# What is Optimal Control?

## Optimal Advertising

Imagine that you’re the head of PR at a fledging startup, and you are assigned to do some advertising in order to draw in more customers. How would you go about it in order to maximize the company’s revenue stream?

Believe it or not, this is a problem that is actually studied by math, in the field that is known as optimal control theory.

**Optimal control theory** aims to find the best way to do something according to some performance measure and under some constraints. In the case of our advertising example, we can specify three elements:

- the
**advertising goodwill**, which summarizes the effects of advertising expenditures on product demand, - the
**advertising rate**, which determines how aggressive (in terms of cash) you advertise, and - the
**revenue stream**, which you obviously want to maximize.

The higher the amount that you allocate for advertising, the more people will be exposed to your product, leading to higher product demand. However, you can’t escape the law of diminishing returns, and so incremental product demand will be lower at higher advertising rates. This property can be modeled as a differential equation for the advertising goodwill.

Optimal advertising has a lot of literature behind it. Check out a review of the field by Feichtinger.

## Ingredients of an Optimal Control Problem

An optimal control problem, peeling away all the layers, basically involves three elements – the same three in our advertising problem. You have a **state process**, which represents a quantity which you are able to observe and control; a **control process**, which you can tweak to steer the state as you wish; and an **objective**, which is to maximize or minimize a certain quantity called the **objective functional. **We want to find the control process which satisfies our objective in the best way possible, that is, gives us the largest or smallest value of the objective functional, depending on the problem.

In our advertising problem, advertising goodwill is the state process. Increasing or decreasing the advertising rate has a corresponding effect on the advertising goodwill. Since advertising rate is the item that we can manipulate, we take it as our control process. Lastly, the revenue stream, which takes into consideration both the advertising goodwill and rate, is our objective functional.
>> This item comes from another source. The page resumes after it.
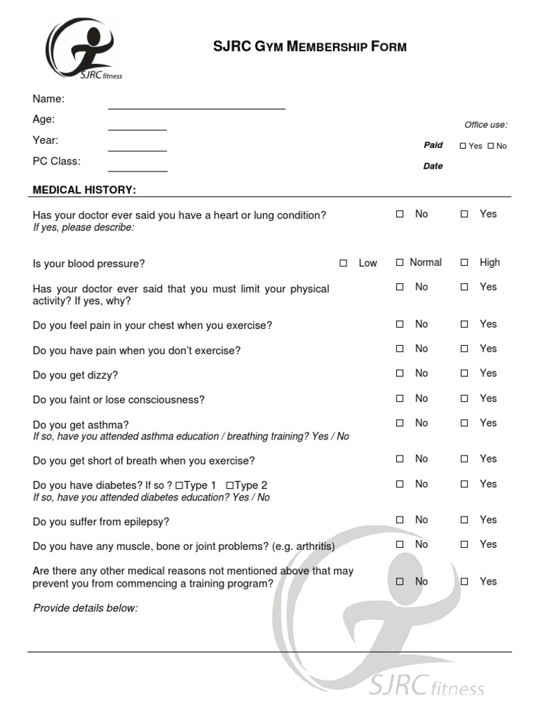 It is a membership form that eases the process of collecting, processing, and managing client registration. Web download now of 2 sjrc gym membership form name: Yes no if yes, please specify: The undersigned persons consent to the member using the gym training facilities and are aware of the risks involved in such use. Enlist questions for a medical questionnaire.

Optimal control has far-reaching applications in almost every field, probably because every field involves something that can be optimized. Two fields that have found great applications of optimal control are biology and finance.

## Human Body’s Response to Exercise

One of the great successes of optimal control is its use in simulating the human body. We can actually use optimal control theory to determine how the human body reacts to changes in its equilibrium state and how it is able to make the **transition from one equilibrium state to another**. Specifically, optimal control can be used to see how the body, specifically the heart rate and breathing rate, adjust when one goes from rest to exercise.
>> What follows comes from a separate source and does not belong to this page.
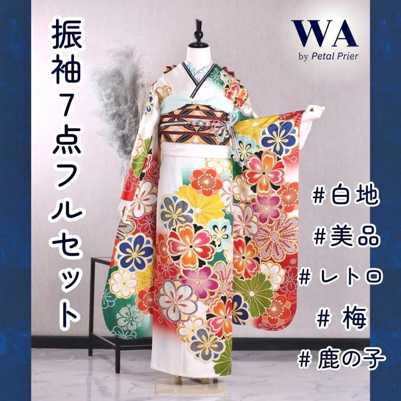 白地に鮮やかな梅や鹿の子が映えるレトロ振袖です。

In this scenario, the state process now consists of a number of quantities, accounting for the fact that the human body is a complex system. Usually, we look at cardiovascular and respiratory variables when looking at response to exercise since these are most relevant. Some quantities included in the state are the blood pressures and gas concentrations in the blood vessels and gas pressures in the lungs. A set of differential equations, called Grodins’ system, can be used to represent the dynamics of the cardiovascular and respiratory systems.

The controls that the body uses in the transition are the heart rate and the alveolar ventilation, a respiratory quantity. In this case, we aim to find the controls which minimize the deviation of arterial pressure to the equilibrium exercise value and the carbon-dioxide level to 40 mmHg, which is found to be more or less constant regardless of the level of exercise.

Not only that, we can use optimal control one more time to estimate certain unmeasurable parameters of the body. We do this by changing our objective to finding the parameters which minimize the difference of the model output with patient data. This application is known as **parameter estimation**.

## The Portfolio Problem

Suppose that aside from being head of PR, you’re also moonlighting as a hedge-fund manager. Can you really use optimal control to maximize your earnings?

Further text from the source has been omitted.